A switch security (swsec) module examines packets to learn the IP and MAC address of the VM. Additionally, it listens for Address Resolution Protocol broadcasts that come from the VM. In a physical network, those ARP broadcasts are picked up from the wire and sent up the stack of every device within the same subnet. This means that even if a device is not the intended receiver of the message, it still consumes CPU. With NSX, these ARP broadcasts are handled much more intelligently. Rather than allowing the broadcast to be propagated and impacting the performance of the other devices, the switch security module redirects the message to the NSX Controller only. The Controller learns all the IP/MAC mappings and can return the requested information to the VM without needing to blast the request out as a broadcast to every other device within the broadcast domain. This feature is called ARP suppression. It improves the performance of every device throughout the data center since ARP normally generates a lot of broadcast traffic on the network. Another feature handled by the switch security module is NSX IP Spoofguard. As the name suggests, it prevents the spoofing of IP addresses.
This is also where the NSX Distributed Firewall (DFW) is implemented. Firewall rules are stored and carried out here as packets enter or leave the VM.
Within the IOChain, there are also slots available to add third-party services, which greatly enhances and extends the abilities and options available for the NSX environment. For example, another vendor may have a firewall or load balancer with specialized features that are beyond what VMware provides. NSX makes it possible to redirect traffic to those third-party appliances (see Figure 2.16).
As a quick review of the NSX planes of operation, the management plane (for configuration) is created and handled by the NSX Manager. The data plane (for forwarding traffic) is implemented in the NSX Virtual Switch. But what about the control plane (for learning/decision making)? The control plane is found in the aptly named NSX Controller cluster. The Controller cluster is responsible for managing the switching and routing kernel modules (see Figure 2.17). It learns and maintains information related to every ESXi host, the Distributed Logical Routers, and the logical switches, which are also referred to as VXLANs. Based on the information it receives, it's able to make the decisions for routing, for switching, and the like. But more importantly, it's able to then distribute this information to every ESXi host and ultimately make its way into their kernels. From its stored information, it's able to return the mappings of IP to MAC addresses requested as a result of ARP suppression, for example. This optimizes the performance of the data center, with all ARP traffic being handled in software instead of being blasted out as a broadcast in hardware.
Not only do the controllers collect this information, but more importantly, they propagate the information to the other ESXi hosts, which ultimately makes its way into the respective kernels of the hosts. This distribution of forwarding, security, and quality control is what allows actions on traffic to be taken directly without having to exit the host, get the required information, return to the host, and then finally forward packets.

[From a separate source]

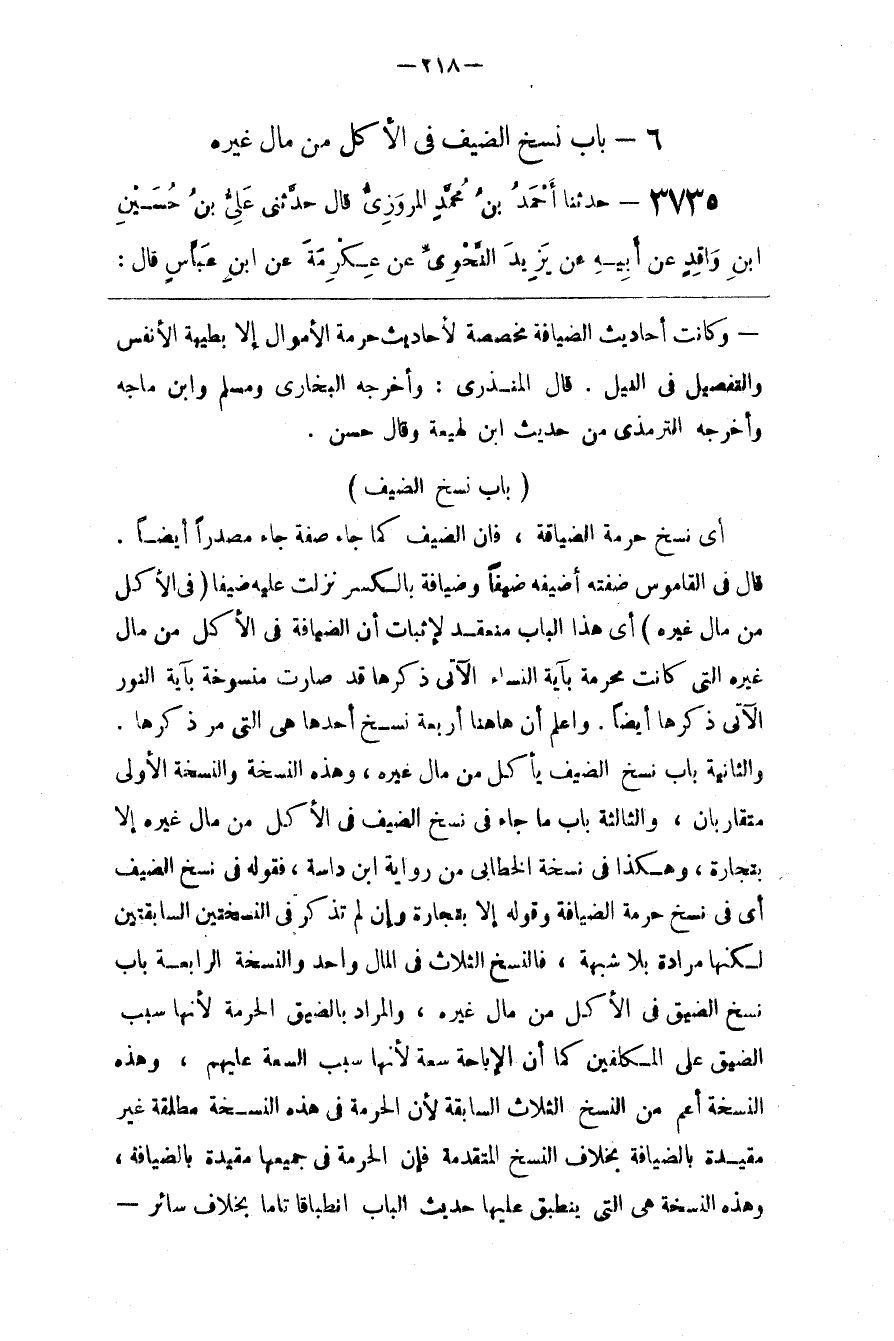 وَكَانَتْ أَحَادِيث الضِّيَافَة مُخَصِّصَة لِأَحَادِيث حُرْمَة الْأَمْوَال إِلَّا بِطِيبَةِ الْأَنْفُس وَالتَّفْصِيل فِي النَّيْل . قَالَ الْمُنْذِرِيُّ : وَأَخْرَجَهُ الْبُخَارِيّ وَمُسْلِم وَابْن مَاجَهْ وَأَخْرَجَهُ التِّرْمِذِيّ مِنْ حَدِيث اِبْن لَهِيعَة وَقَالَ حَسَن .

The NSX Controller is in the form of a VM. When deploying NSX Controllers in production, it's recommended that there should be three in a cluster, but that each VM should reside on a different ESXi host (see Figure 2.18). One reason for this is fault tolerance. If an entire host were to fail, the remaining two controllers would continue to function and would take on the workloads of the failed host. Another reason is scalability. Part of the NSX Architecture design for scalability is to ensure that all NSX Controllers are active at any given time, so that they can share the workload.
The mechanism for doing this is called slicing or sharding. The three controllers will have elections to decide which will be the master NSX Controller instance for a particular role. Controller 1 might be the master for the logical switching (VXLAN) role, and Controller 2 might be the master for the logical routing role. The same is done for other NSX services.
The masters for the roles are responsible for dividing the workload into slices and then assigning which controller will handle which slices (see Figure 2.19).
Let's say that Controller A is the master controller for logical routing, and it has divided the workload into six slices. It would assign slice 1 to itself, slice 2 to Controller B, and slice 3 to Controller C. Slices 4, 5, and 6 would be handed out in the same way, to Controllers A, B, and C, respectively. When a request comes in on logical router shard 3, for example, it is directed to Controller C (see Figure 2.20).
Each master is also responsible for keeping track of the other controllers to determine if a controller has failed. If this happens, the master of each role would redistribute those affected shards to the remaining controllers. The election of the master for each role is done by a majority vote. It's for this reason that we start with three controllers in a cluster. Being an odd number, it's enough to break a tie, so always deploy an odd number of controller instances for this reason.
Reslicing/resharding will occur any time there is a change in the number of controllers. This means the slices will be reallocated when:
The NSX Edge can be installed as an Edge Services Gateway (ESG) or as a Distributed Logical Router (DLR). As an ESG, routing is centralized, and it is typically used for routing traffic in and out of your virtualized network. This is referred to as North-South traffic (see Figure 2.21). For example, traffic between a VM and the Internet would be considered North-South. An ESG shares similarities with a traditional router or firewall. Each ESG can have up to 10 vNIC interfaces.
With a DLR, routing is distributed and is primarily used for forwarding East-West traffic. This is traffic from VM to VM within your data center. Because the routes are distributed into the kernels of each ESXi host, there's no need to cross the network to find out the route to reach the other VM. The host already has the answer, greatly improving performance. When it comes to logical interfaces (LIFs) on a DLR, there can be up to 999 on each, plus one for management.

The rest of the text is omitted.